● Data extract:
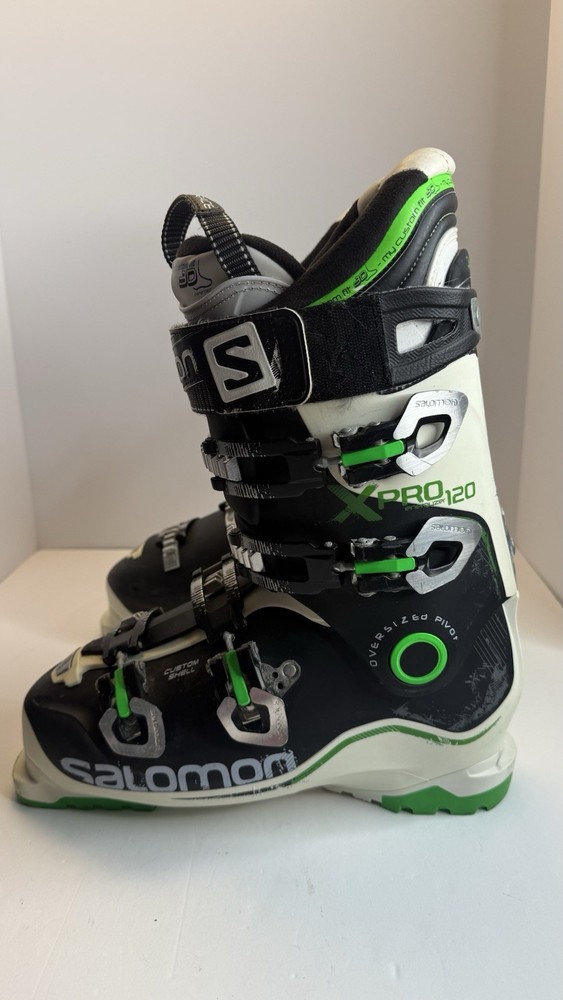 Salomon X Pro 120 Ski Boots — high-performance alpine boots for advanced skiers. Size 28.0 / 28.5 (326 mm boot sole length). Features My Custom Fit 3D Race liner, Custom Shell design for personalized fit, and Oversized Pivot for maximum power transfer. Condition: ✅ Good used condition — minor scuffs and cosmetic wear from normal use (see photos). ✅ Soles and buckles in great shape, all straps and clips fully functional. ✅ Clean interior, no odor. ✅ Flex 120 — responsive and stable performance. Made in Romania. Sold as is, ready for the slopes!
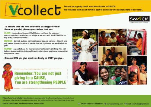 वी-कलेक्ट क्लोथ्स अभियान के पोस्टरों में भी ‘देने’ की बजाय ‘रीसाइक्लिंग’ के विचार पर जोर दिया गया है और यह गुजारिश की गई है कि आप साफ, और पहनने लायक कपड़े दें – ऐसे कपडे जो नए पहनने वालों को भी उतने ही आरामदेह लगें जितने अब तक आपको लगते थे।
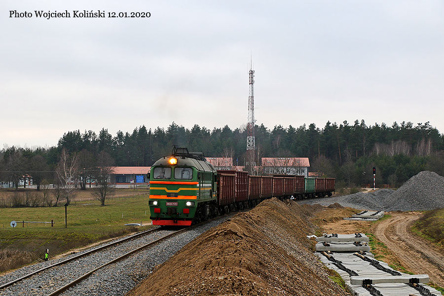 Belarusian Railways (Belaruskaja Czyhunka) M62K-1125 with the freight train Siemianowka - Swislocz (Belarus) 12.01.2020, track Siemianowka - Cisowka Photo W. Kolins |

● Directions for this task:
Go through the listing above and retype it exactly, skipping every picture.

● Response:
 Salomon X Pro 120 Ski Boots — high-performance alpine boots for advanced skiers. Size 28.0 / 28.5 (326 mm boot sole length). Features My Custom Fit 3D Race liner, Custom Shell design for personalized fit, and Oversized Pivot for maximum power transfer. Condition: ✅ Good used condition — minor scuffs and cosmetic wear from normal use (see photos). ✅ Soles and buckles in great shape, all straps and clips fully functional. ✅ Clean interior, no odor. ✅ Flex 120 — responsive and stable performance. Made in Romania. Sold as is, ready for the slopes!
 वी-कलेक्ट क्लोथ्स अभियान के पोस्टरों में भी ‘देने’ की बजाय ‘रीसाइक्लिंग’ के विचार पर जोर दिया गया है और यह गुजारिश की गई है कि आप साफ, और पहनने लायक कपड़े दें – ऐसे कपडे जो नए पहनने वालों को भी उतने ही आरामदेह लगें जितने अब तक आपको लगते थे।
 Belarusian Railways (Belaruskaja Czyhunka) M62K-1125 with the freight train Siemianowka - Swislocz (Belarus) 12.01.2020, track Siemianowka - Cisowka Photo W. Kolins |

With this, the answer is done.